The Seventh Ward is a neighborhood of the city of New Orleans.  A sub-district of the Mid-City District Area, its boundaries as defined by the New Orleans City Planning Commission are: A.P. Tureaud Avenue, Agriculture, Allen, Industry, St. Anthony, Duels, Frenchmen and Hope Streets to the north, Elysian Fields Avenue to the east, St. Claude and St. Bernard Avenues, North Rampart Street and Esplanade Avenue to the south, and North Broad Street to the west.

Geography
According to the United States Census Bureau, the district has a total area of , all of which is land.

Adjacent neighborhoods
 St. Roch (north & east)
 Marigny (south)
 Tremé (south)
 Fairgrounds (west)

Boundaries

The New Orleans City Planning Commission defines the boundaries of Seventh Ward as these streets: A.P. Tureaud Avenue, Annette Street, Agriculture Street, Allen Street, Industry Street, St. Anthony Avenue, Duels Street, Frenchmen Street, Hope Street, Elysian Fields Avenue, St.
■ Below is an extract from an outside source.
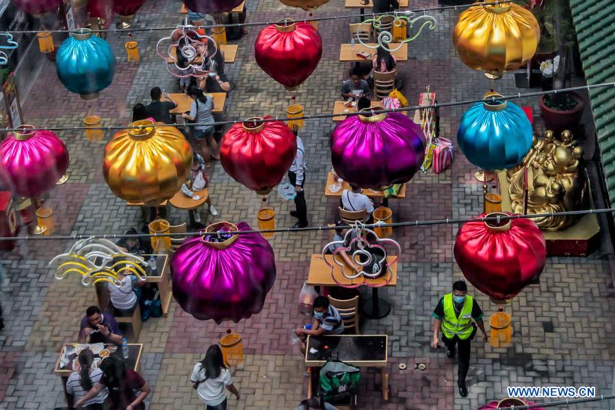 Chinese lanterns are placed for the upcoming Spring Festival, or the Chinese Lunar New Year, at a shopping street in Manila, the Philippines, Feb. 7, 2021. (Xinhua/Rouelle Umali)
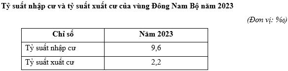 Cho bảng số liệu: Gia tăng cơ học của vùng Đông Nam Bộ năm 2023 là bao nhiêu

Claude Avenue, St. Bernard Avenue, North Rampart Street, Esplanade Avenue and North Broad Street.

Demographics
As of the census of 2000, there were 16,955 people, 6,489 households, and 3,965 families living in the neighborhood.  The population density was 14,616 /mi² (5,652 /km). Historically, most of the inhabitants of New Orleans who are of Creole descent, were born in the Seventh Ward.

As of the census of 2010, there were 10,187 people, 4,248 households, and 2,356 families living in the neighborhood.

Education
Orleans Parish School Board is the designated school district of New Orleans.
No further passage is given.